> **Work required**
With the pictures left out, restate exactly the part below that opens with the line containing "devotional singing prowess." and closes with the line containing "Une fois la".
Start of Task material
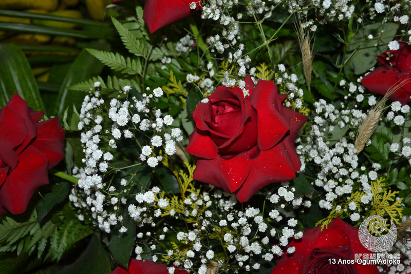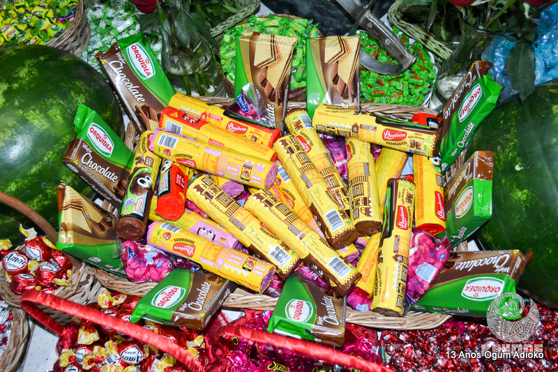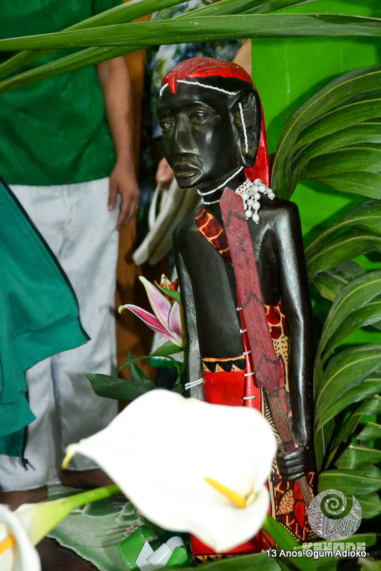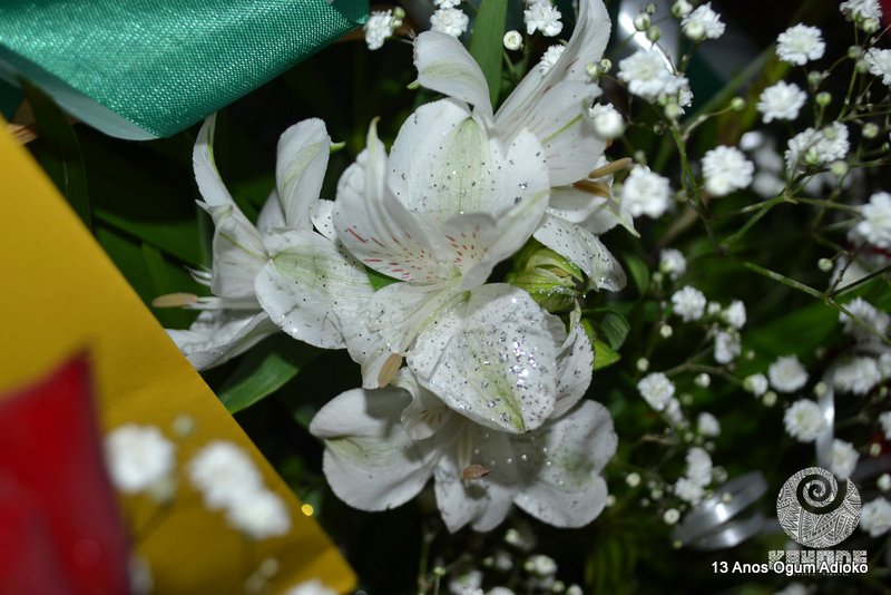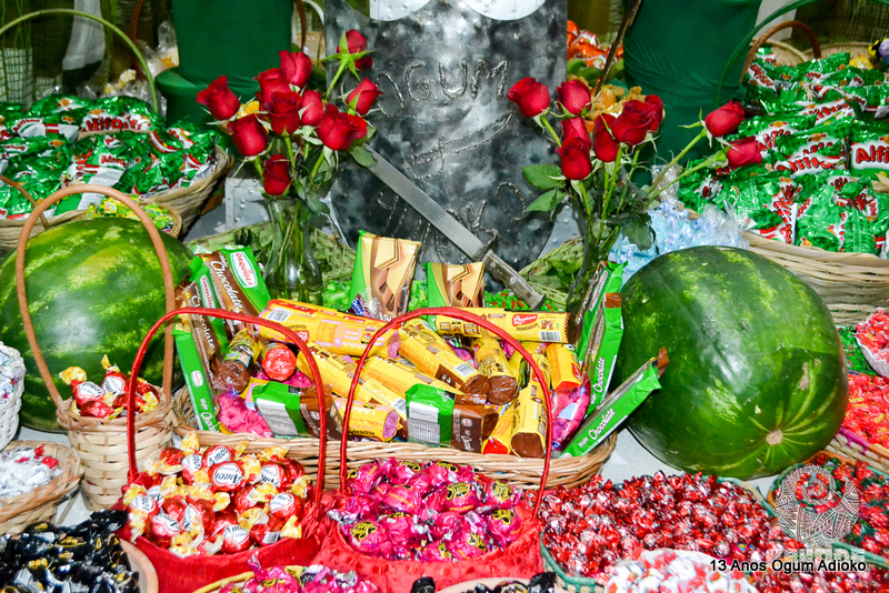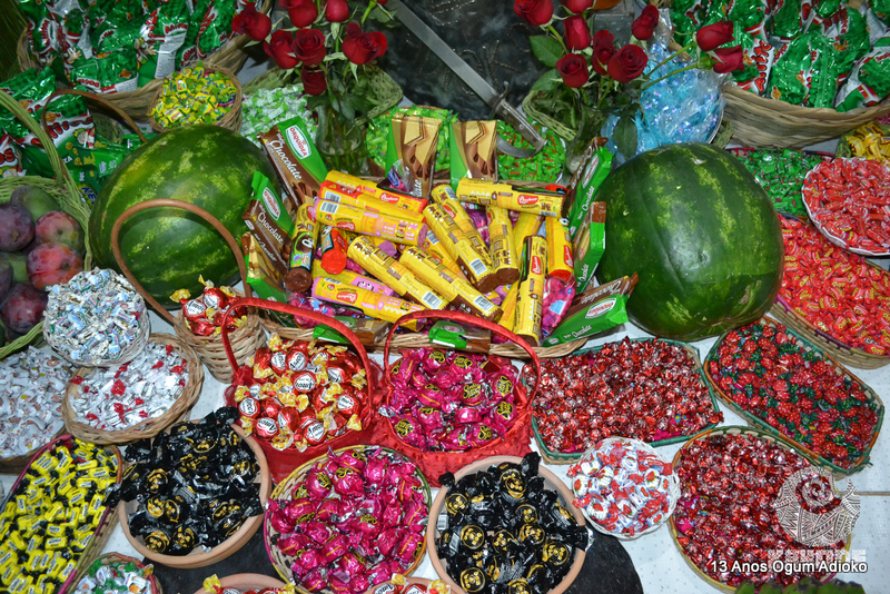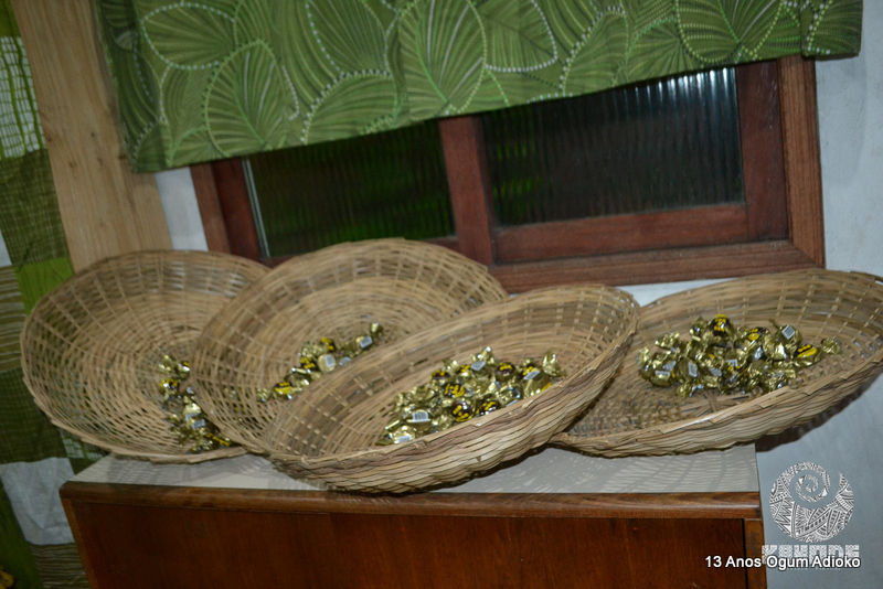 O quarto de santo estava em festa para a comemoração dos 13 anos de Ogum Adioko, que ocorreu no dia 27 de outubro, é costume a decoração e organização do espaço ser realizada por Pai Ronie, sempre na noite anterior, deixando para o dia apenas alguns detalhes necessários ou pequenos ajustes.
End of Task material
Start of Task material
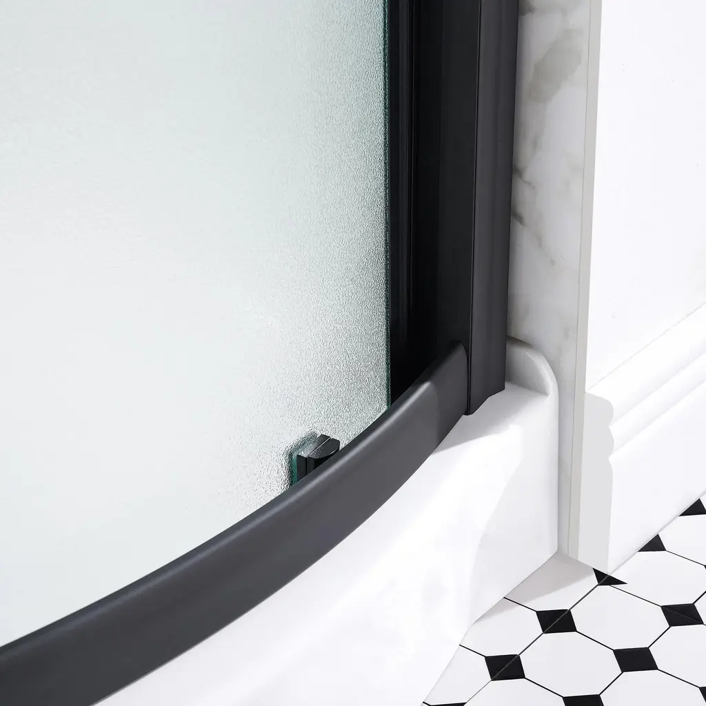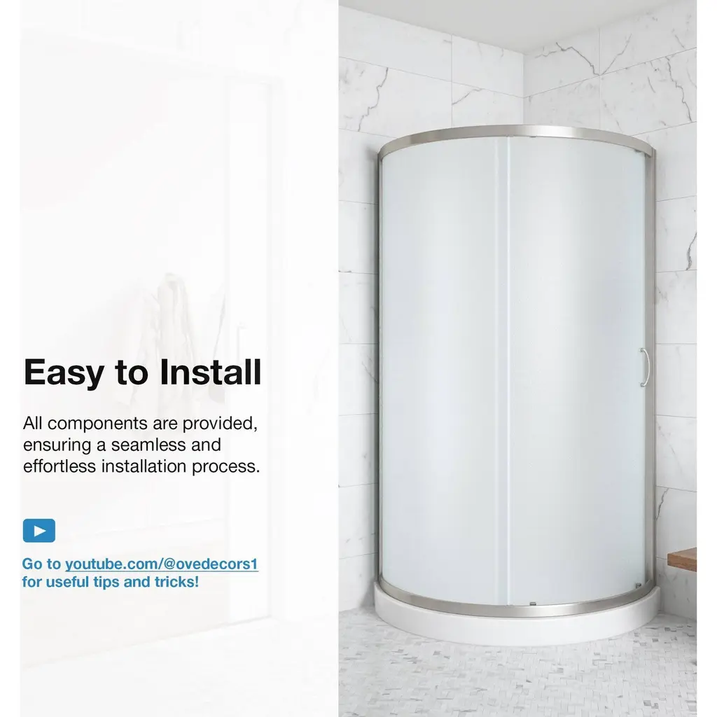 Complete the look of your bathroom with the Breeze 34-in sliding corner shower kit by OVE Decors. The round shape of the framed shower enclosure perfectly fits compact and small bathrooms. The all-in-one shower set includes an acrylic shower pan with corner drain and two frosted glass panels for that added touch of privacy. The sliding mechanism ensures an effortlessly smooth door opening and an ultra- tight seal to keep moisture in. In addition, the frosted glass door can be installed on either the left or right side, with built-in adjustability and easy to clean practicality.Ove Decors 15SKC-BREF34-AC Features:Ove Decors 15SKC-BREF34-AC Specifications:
End of Task material
Start of Task material
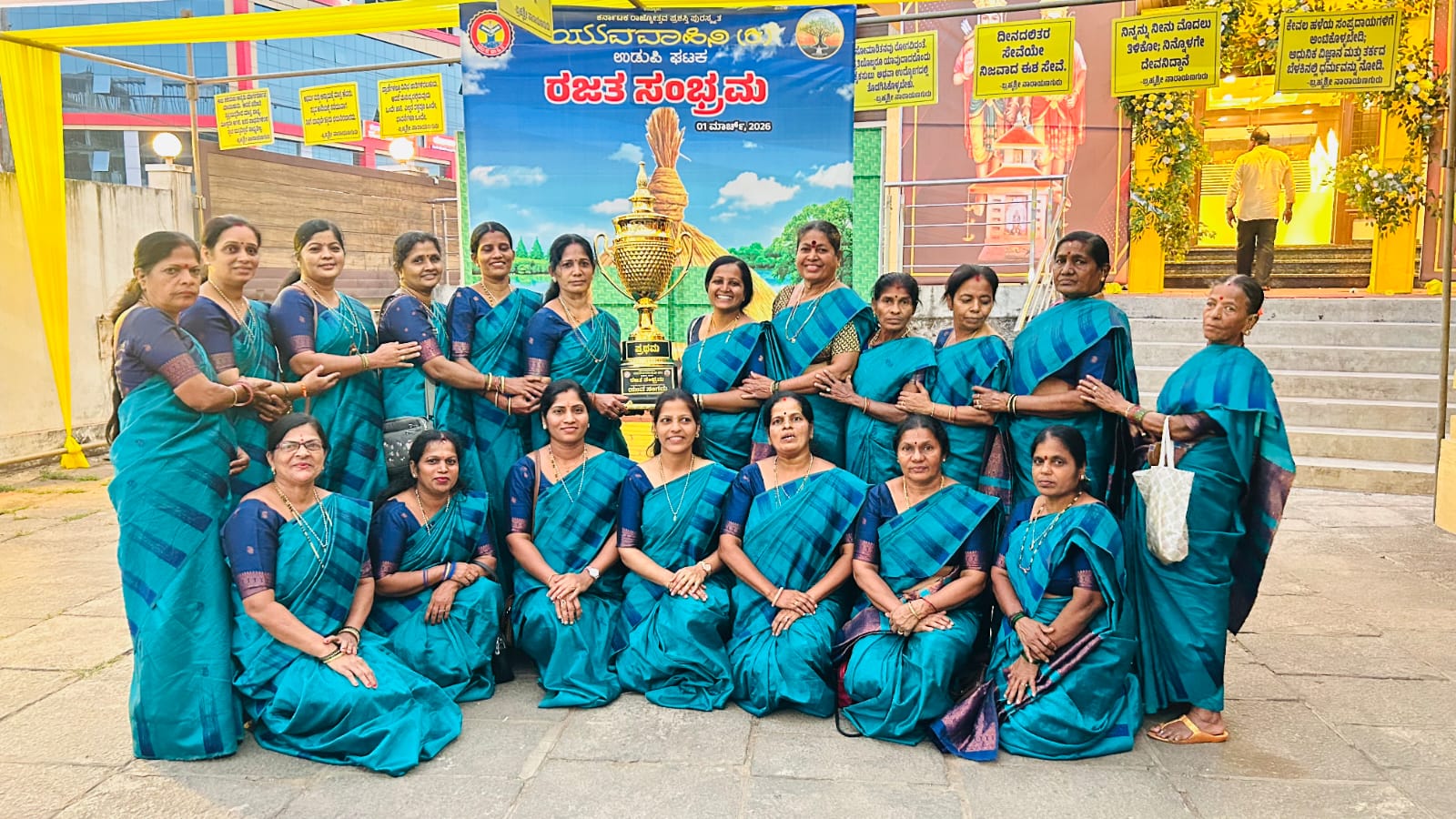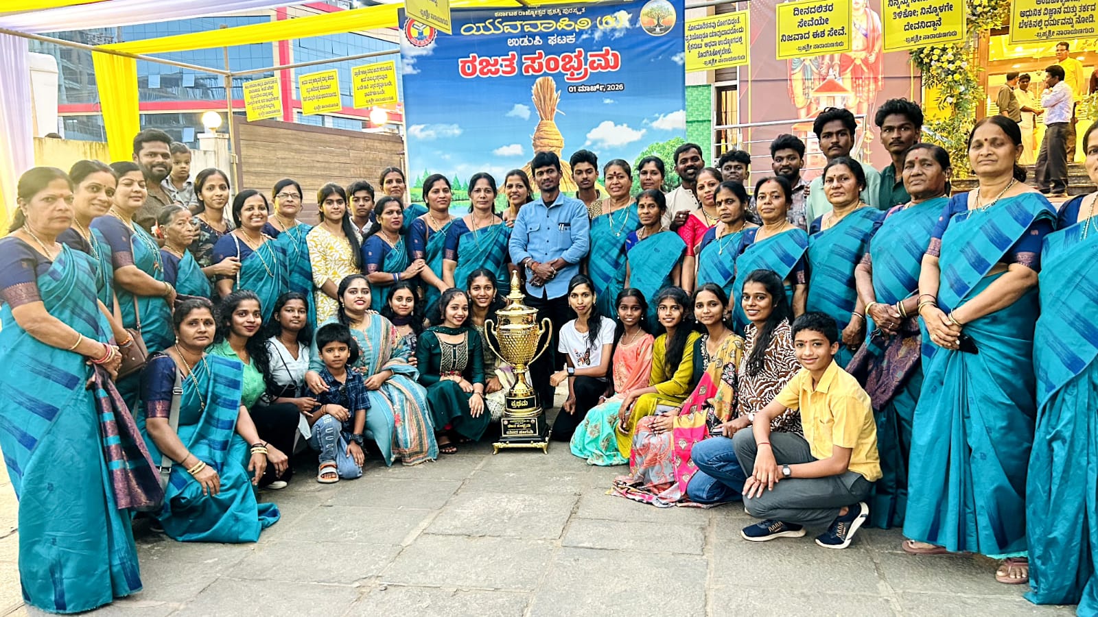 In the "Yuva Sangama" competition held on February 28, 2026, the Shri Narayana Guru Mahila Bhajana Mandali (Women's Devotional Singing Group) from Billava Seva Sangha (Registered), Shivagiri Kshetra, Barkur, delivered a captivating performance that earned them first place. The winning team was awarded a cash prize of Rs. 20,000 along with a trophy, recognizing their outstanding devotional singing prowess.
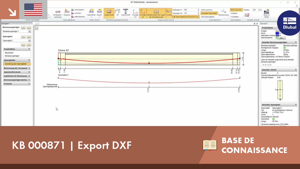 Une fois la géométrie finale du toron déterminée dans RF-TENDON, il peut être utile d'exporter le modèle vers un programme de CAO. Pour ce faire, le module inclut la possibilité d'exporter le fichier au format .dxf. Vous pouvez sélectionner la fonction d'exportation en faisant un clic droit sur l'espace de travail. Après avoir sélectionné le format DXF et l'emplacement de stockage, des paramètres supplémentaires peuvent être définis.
End of Task material
> **Solution to this exercise**
 In the "Yuva Sangama" competition held on February 28, 2026, the Shri Narayana Guru Mahila Bhajana Mandali (Women's Devotional Singing Group) from Billava Seva Sangha (Registered), Shivagiri Kshetra, Barkur, delivered a captivating performance that earned them first place. The winning team was awarded a cash prize of Rs. 20,000 along with a trophy, recognizing their outstanding devotional singing prowess.
 Une fois la géométrie finale du toron déterminée dans RF-TENDON, il peut être utile d'exporter le modèle vers un programme de CAO. Pour ce faire, le module inclut la possibilité d'exporter le fichier au format .dxf. Vous pouvez sélectionner la fonction d'exportation en faisant un clic droit sur l'espace de travail. Après avoir sélectionné le format DXF et l'emplacement de stockage, des paramètres supplémentaires peuvent être définis.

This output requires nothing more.